Monsieur le ministre, est-il réellement acceptable de sortir de cette dernière impasse par un tour de passe-passe entre le premier et le deuxième pilier de la politique agricole commune, la PAC ?
Dans des conditions budgétaires à ce point délabrées, les véritables risques – ceux de l’exploitation agricole d’aujourd’hui, les risques économiques, les risques environnementaux – demeurent sans provision dans le projet de budget. C’est une raison de plus pour avancer vers une fiscalité plus propice à des mécanismes d’auto-assurance.
Nous avons appris, au détour de la discussion budgétaire à l’Assemblée nationale, que vous pilotiez un groupe de travail sur ce dernier sujet, et nous avons entendu le ministre de l’économie se déclarer prêt à y associer les parlementaires intéressés. Il est regrettable que notre Haute Assemblée, qui a tant travaillé sur ces sujets, n’ait pas été sollicitée. Je vous prie, monsieur le ministre, de bien vouloir réparer cet oubli.
Après les incertitudes, j’en viens au certain.
Ce qui est certain avec ce budget, c’est qu’il traduit un sérieux défaut d’ambition agricole.
Nous voulons souligner que les crédits de paiement sont en repli, alors même qu’ils sont gonflés par des factures héritées d’un passé parfois lointain, que la baisse est encore plus accusée en volume dans un budget qui néglige l’inflation, que le plan de compétitivité et d’adaptation des exploitations agricoles, le PCAE, subit une réduction drastique de ses crédits et n’a pas de remplaçant à ce jour.
Quant aux provisions destinées à la nécessaire modernisation des bâtiments d’élevage touchés par les crises aviaires à répétition, leur faiblesse est choquante.
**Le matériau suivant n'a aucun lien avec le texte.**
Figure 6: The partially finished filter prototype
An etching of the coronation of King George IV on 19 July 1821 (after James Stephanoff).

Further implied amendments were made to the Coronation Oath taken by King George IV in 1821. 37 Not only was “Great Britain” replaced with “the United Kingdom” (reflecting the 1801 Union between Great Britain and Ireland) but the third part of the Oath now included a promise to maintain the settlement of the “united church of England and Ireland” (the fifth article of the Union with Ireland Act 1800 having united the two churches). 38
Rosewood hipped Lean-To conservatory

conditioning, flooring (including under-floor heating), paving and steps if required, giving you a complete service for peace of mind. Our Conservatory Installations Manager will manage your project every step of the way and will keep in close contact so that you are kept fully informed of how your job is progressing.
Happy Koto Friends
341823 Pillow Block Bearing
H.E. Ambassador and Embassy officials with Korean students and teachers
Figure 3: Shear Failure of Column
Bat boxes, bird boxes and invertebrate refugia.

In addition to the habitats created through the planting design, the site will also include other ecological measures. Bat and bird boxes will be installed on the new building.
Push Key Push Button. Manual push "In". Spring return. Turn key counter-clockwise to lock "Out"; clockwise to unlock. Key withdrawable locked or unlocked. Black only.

Et que dire des 5 millions d’euros de crédits supplémentaires prévus pour protéger les élevages contre les grands prédateurs ?
La question de la crédibilité de la parole publique sur les ambitions agricoles du pays se pose avec d’autant plus d’acuité que le projet de loi de programmation pluriannuelle des finances publiques annonce une baisse de plus de 10 % des crédits à l’horizon 2020.
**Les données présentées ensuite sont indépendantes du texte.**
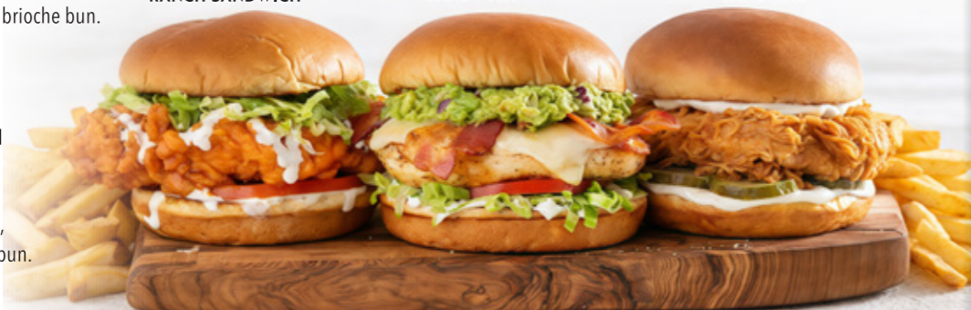
香辣水牛城雞肉堡 BUFFALO CHICKEN RANCH SANDWICH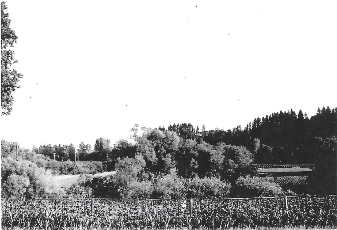
Looking South Toward Skinner's Butte 1954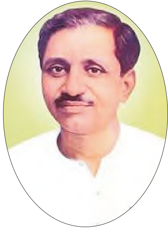
Pt. Deendayal Upadhyaya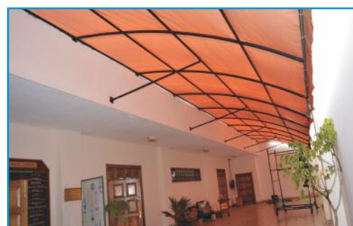
After Renovation of the Library area

Gold Ticket Challenge To encourage our younger members to read books they ordinarily wouldn't pick & to ensure they are members of the library. They check out the book that has a "Golden ticket" inside it, and they get to win a prize from the lucky dip. This activity is for young readers aged between 6 to 10 years and they must be members of the Library to be able to win a prize from the lucky dip.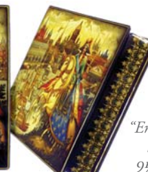
"Emperor Peter I" lacquer box. 9 1/2 x 7 1/2 x 1 3/4 inches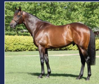
MAWATHEEQ £4,000 (1ST JAN SLF) First foals in 2012

Pop over to Beech House Stud, Cheveley Road to see the Shadwell Stallions today from 10am to 3.30pm.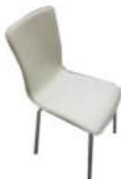
ME-C 02 White Leather Chair 420 x 400 x 840mmH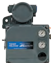
DVC6000/6200 FIELDVUE® (Remanufactured)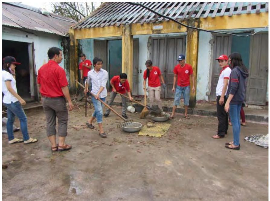
16 October 2013: Da Nang Red Cross volunteers help with clean-up in the community the day following Typhoon Nari.

Following the onset of Typhoon Wutip, Typhoon Nari and subsequent flooding in many areas, PDRTs were immediately deployed to carry out needs assessment and immediate relief activities, including assisting families with deceased or injured members, and damaged or collapsed homes. These relief activities include the provision of cash, household kits, shelter repair kits, instant noodles, rice, water filters, aquatabs and jerry cans.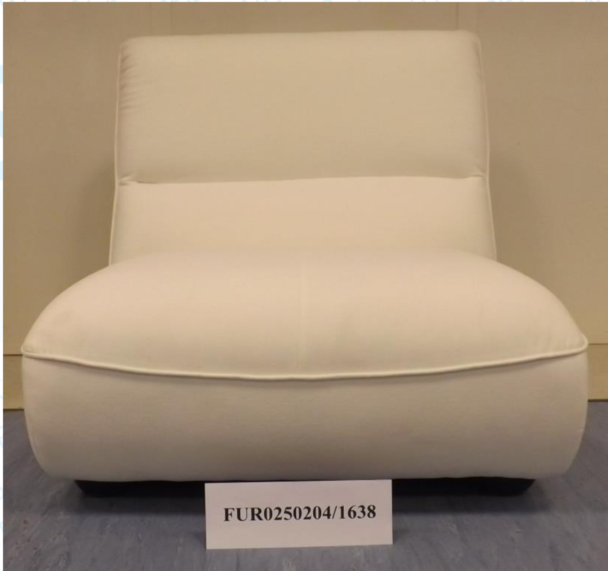
Front view of the 'SNUG Chair'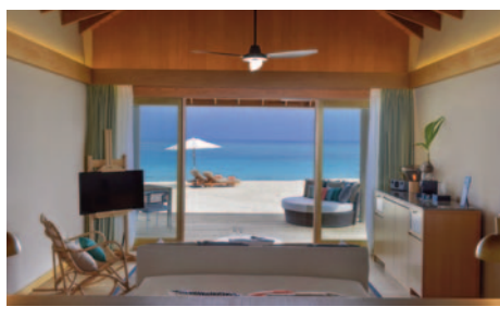
Beach Villas with Pool (172sqm) Total 20 Units – Pool 4x6m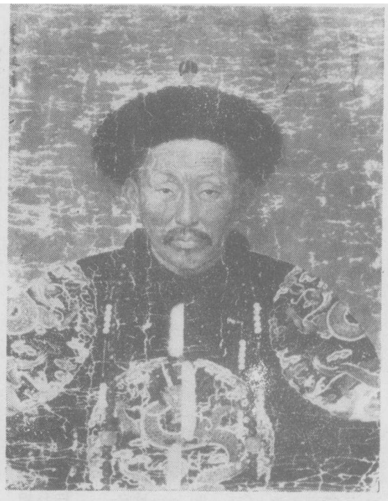
图四 “都尔伯特汗策凌”油画肖像 清·王致诚 (现藏西柏林国立民俗博物馆)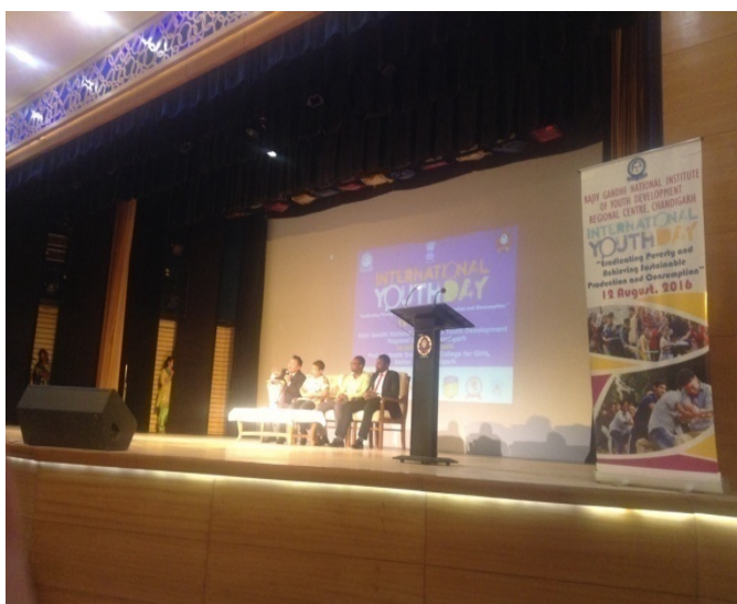
International Delegates taking session.

Enfin, pour conclure, nous devons améliorer les performances de notre administration agricole. J’en donnerai deux exemples.
Le premier concerne le domaine de la sécurité sanitaire de l’alimentation. La superposition des intervenants, la complexité des financements, la confusion des missions doivent être surmontées afin que nous disposions d’une meilleure intégration des forces et d’infrastructures tout à fait irréprochables.
Le second exemple concerne les paiements. Du fait des refus d’apurement, nous ne profitons pas de la totalité des enveloppes européennes. Nous devons, en revanche, mettre en place des systèmes extrêmement lourds à gérer pour les agriculteurs, avec les apports de trésorerie remboursables qui s’accompagnent de coûts financiers pour l’État, mais également de retards de paiement aux exploitants, eux dont les trésoreries sont déjà souvent sous très grande tension.